Harvey, David I.; Leybourne, Stephen J.; Taylor, A.M. Robert


A.M. Robert Taylor


Predictive regression methods are widely used to examine the predictability of (excess) stock returns by lagged financial variables characterised by unknown degrees of persistence and endogeneity. We develop a new hybrid test for predictability in these circumstances based on simple regression t-statistics. Where the predictor is endogenous, the optimal, but infeasible, test for predictability is based on the t-statistic on the lagged predictor in the basic predictive regression augmented with the current period innovation driving the predictor. We propose a feasible version of this augmented test, designed for the case where the predictor is an endogenous near-unit root process, using a GLS-based estimate of the innovation used in the infeasible test regression. The limiting null distribution of this statistic depends on both the endogeneity correlation parameter and the local-to-unity parameter characterising the predictor. A method for obtaining asymptotic critical values is discussed and response surfaces are provided. We compare the asymptotic power properties of the feasible augmented test with those of a (non-augmented) t-test recently considered in Harvey et al. (2021) and show that the augmented test is more powerful in the strongly persistent predictor case. We then propose using a weighted combination of the augmented statistic and the t-statistic of Harvey et al. (2021), where the weights are obtained using the p-values from a unit root test on the predictor. We find this can further improve asymptotic power in cases where the predictor has persistence at or close to that of a unit root process.
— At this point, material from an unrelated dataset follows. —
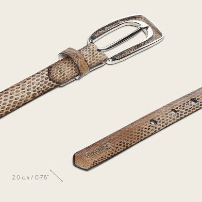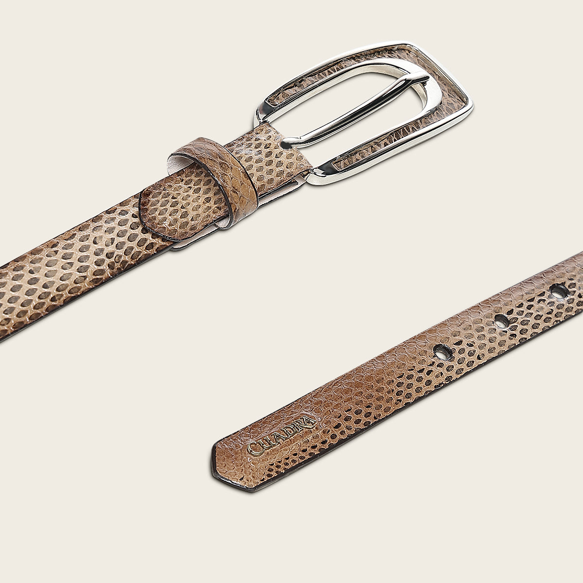 Cinturón casual para dama en piel genuina de buccata. Presenta aplicación metálica de logotipo Cuadra y hebilla de 20 mm forrada con piel de buccata. Con forro en piel de bovino.

Our final hybrid testing procedure then embeds the weighted statistic within a switching-based procedure which makes use of a standard predictive regression t-test, compared with standard normal critical values, when there is evidence for the predictor being weakly persistent. Monte Carlo simulations suggest that overall our new hybrid test displays superior finite sample performance to comparable extant tests.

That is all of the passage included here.